Kilise'nin yorumları bu kadar önemli mi? Metinde ne olacağı, müzakere heyetlerinin yazacakları şeylerin dışında bu sözlerin bağlayıcılığı olur mu?

- Metinde böyle bir şey yok, tabii. Başından beri diyoruz ki, anlaşma olduğu gün kaç vatandaş varsa, o sırada kurucu devletlerde o vatandaşlar kalmaya devam edecek. Sonrası için ortak kurulan devlet yetkililerince karar verilir. Zaten onu da dörtte bire bağladılar. Yunanistan'dan gelen dört kişiye karşılık Türkiye'den gelen bir kişiye vatandaşlık verilebilir dediler.

BEŞLİ KONFERANS SÜRECİ OLUMLU ETKİLEYEBİLİR

Bu kez masada liderler de olacak. Daha önce beş liderin bir arada olduğu, tümünün birbiriyle resmi görüşmelerde bulunduğu bir toplantı olmamıştı. Bunun sürece olumlu bir etkisi olacak mı sizce?

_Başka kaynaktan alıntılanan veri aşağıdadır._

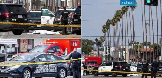 LA police shoot dead a man in body armor on Sunset Boulevard after he crashed his car into them, got out and began a ‘countdown’ with his hands behind his back
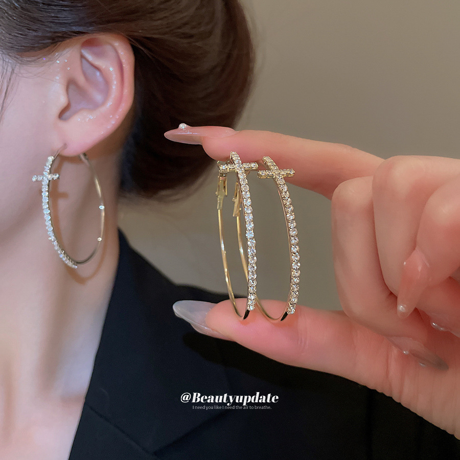 Silver Needle Diamond Cross Round Ear Ring European and American Retro Fashion Elegant Piece Ring Earrings Light Luxury High-end Earrings for Women
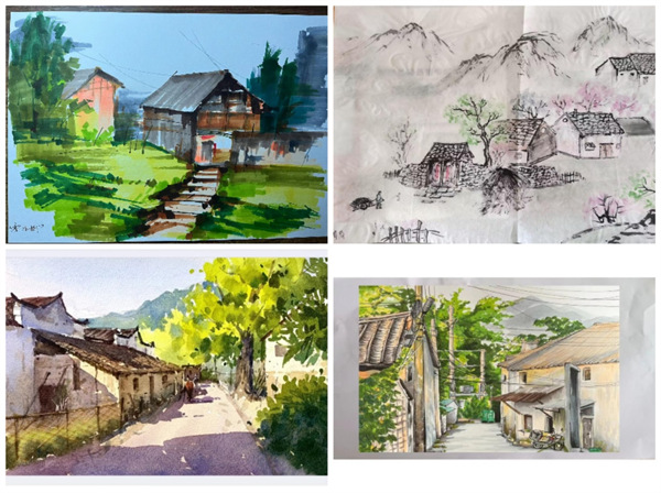 (图片为2021级绘画2班霍钰栋作品《平凉七府村》,2021级视觉传达2班张倩倩作品《平凉关山古道》,2022级环设2班邵敏敏作品《宁县盘克街道一角》,慕倩倩作品《环县环城镇街景》)
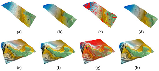 Ground seeds of representative samples (samp11 for urban areas and samp53 for rural areas): (a,e) overlay result of reference DTM and ground seeds (the red points) extracted using cell lowest point; (b,f) DTM generated with these seeds; (c,g) Overlay result of reference DTM and ground seeds extracted with our method, and (d,h) DTM generated with these seeds.
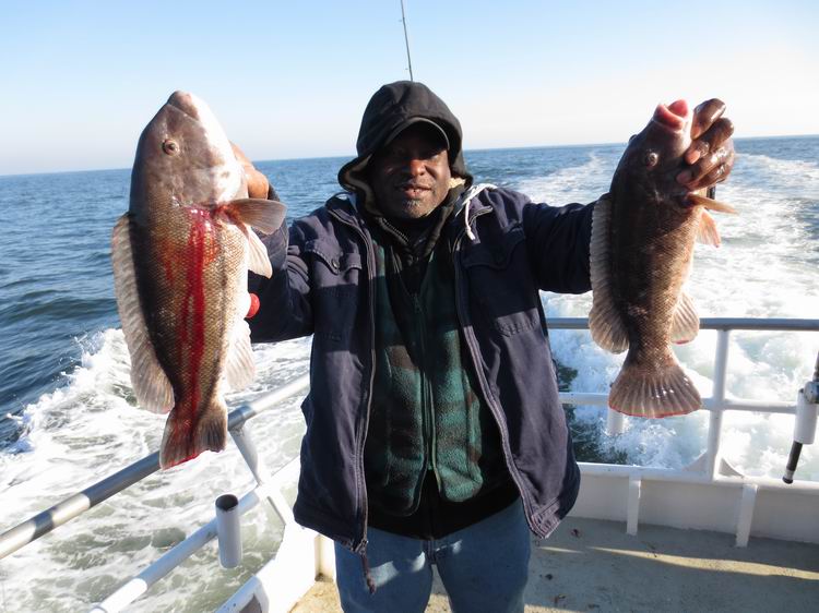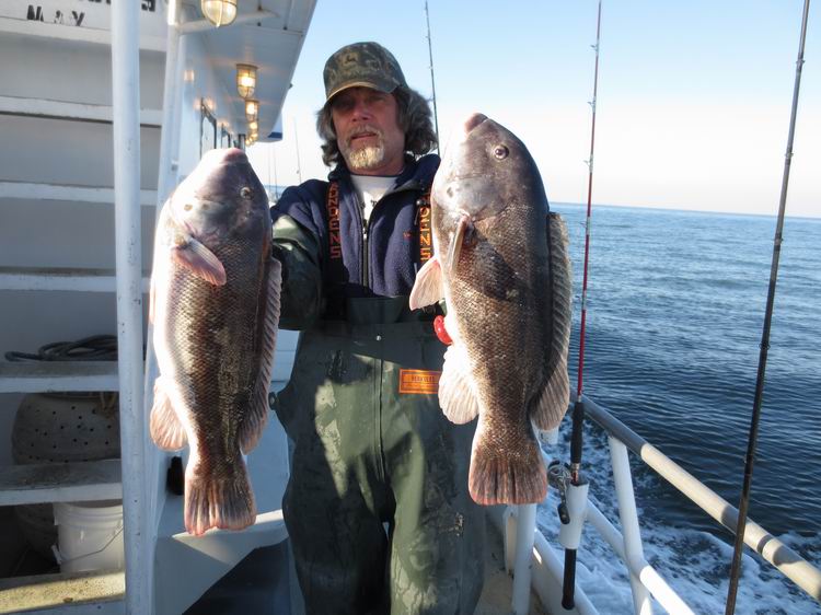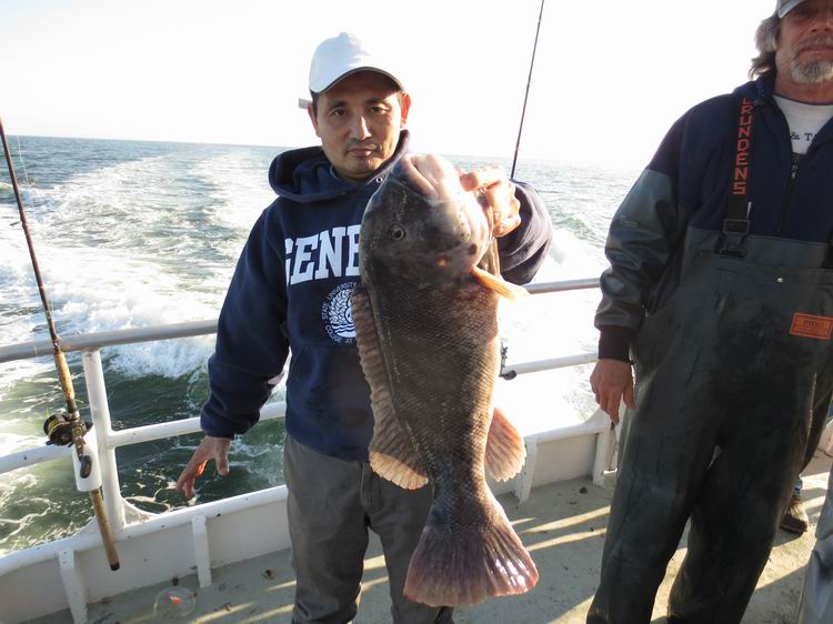 We have been trying to pick our days and today was the one you should have choose. Great weather and fishing. Once again it was all tog except for one small cod. Plenty of limits with Mike Baunaquista from Middletown with 10 keepers out of over 30 tog. Our pool fish today was 8 1/2 pounds caught by Park S Jay from Palisades Park. His first trip with us. Greens and white leggers both worked well. More shorts today than yesterday but great action for most. Of course when blackfishing a few guys struggled.
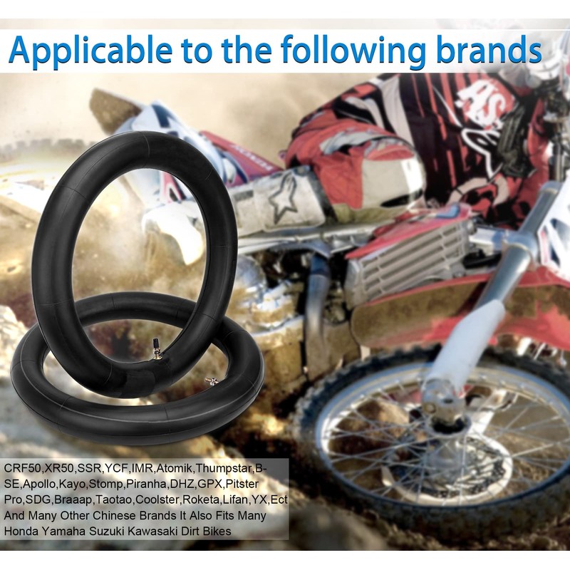 - 14" Rear Inner Tube Is Widely Used On Many Chinese 125cc 140cc 150cc 160cc Bigfoot Pit Dirt Bikes. Such As CRF50,XR50,SSR,YCF,IMR,Atomik,Thumpstar,BSE,Apollo,Kayo,Stomp,Piranha,DHZ,GPX,Pitster Pro,SDG,Braaap,Taotao,Coolster,Roketa,Lifan,YX,Ect And Many Other Chinese Brands It Also Fits Many Honda Yamaha Suzuki Kawasaki Dirt Bikes.
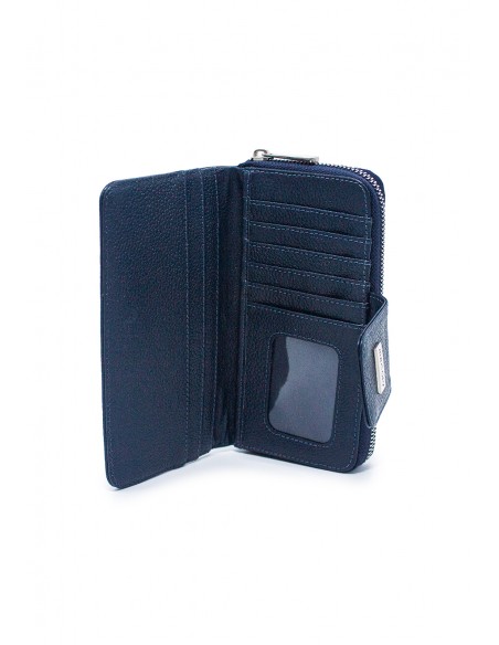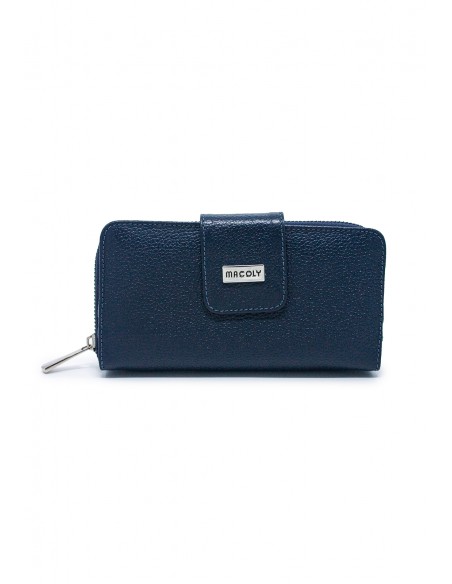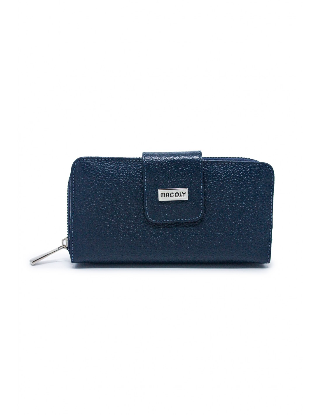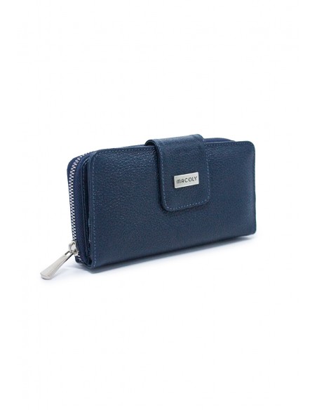 Billetera MACOLY. Elaborada en cuero, diseño casual con textura lisa. Detalles alusivos a la marca y finas costuras visibles. compartimientos internos para tarjetas y/o documentos, bolsillo monedero con cremallera y tapa con broche. Tiene herrajes en color plateado.
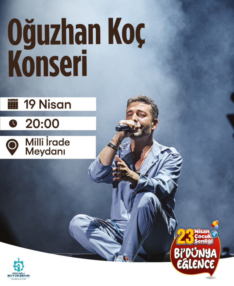 Büyükşehir Belediyesi, pek çok özel etkinliğin yanı sıra özel iki muhteşem konserle de 23 Nisan’ı kutlayacak. Bu konserlerin ilkinde Oğuzhan Koç, 19 Nisan Cumartesi günü (yarın) saat 20.00’de İzmit Milli İrade Meydanı’nda sahne alacak. Oğuzhan Koç konseri ile eğlenceli vakit geçirecek olan çocuklar, etkinlik alanında bulunan çeşitli aktivitelerle de doyasıya eğlenecek.
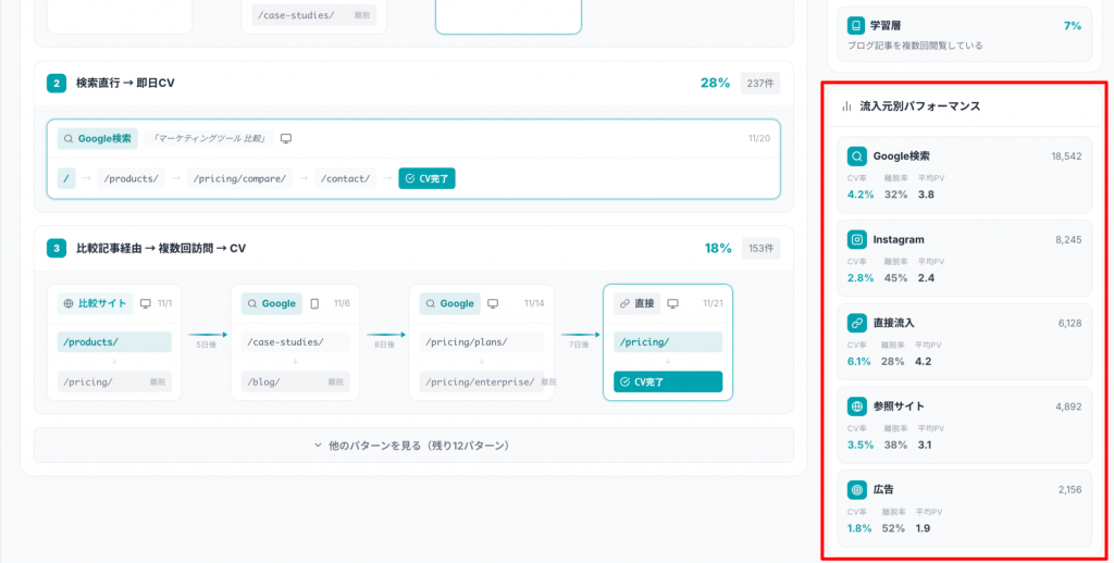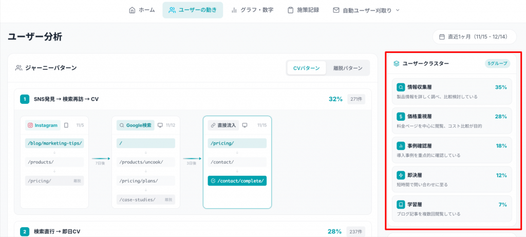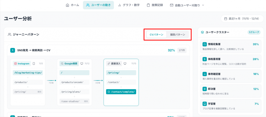 管理画面では「ジャーニーパターン」「ユーザークラスター」「流入元別パフォーマンス」の3つがあります。

- Tabii üç garantörün katılması doğru bir şey... Rum tarafının aklında olanı ben söylüyorum, Anastasiadis, Kıbrıs Cumhuriyeti olarak orada olacağını söylüyor. Ama aslında iki kurucu devletin kurucusu olarak orada olacaklar. Biz beşli zirve diyoruz, Anastasiadis çoklu zirve diyor. Birleşmiş Milletler Güvenlik Konseyi'nin beş daimi üyesi ve Avrupa Birliği de olsun istiyorlar. Ben kesinlikle bunu istemiyordum beşli zirveyi konuştuğumuz zamanlarda. Şimdi Çin, Rusya, ABD davet edildi. Bunlar gelirse müzakere masasında olamazlar zaten. Belki büyükelçilerini gönderirler yan odada oturmak üzere, ama müdahale edemezler.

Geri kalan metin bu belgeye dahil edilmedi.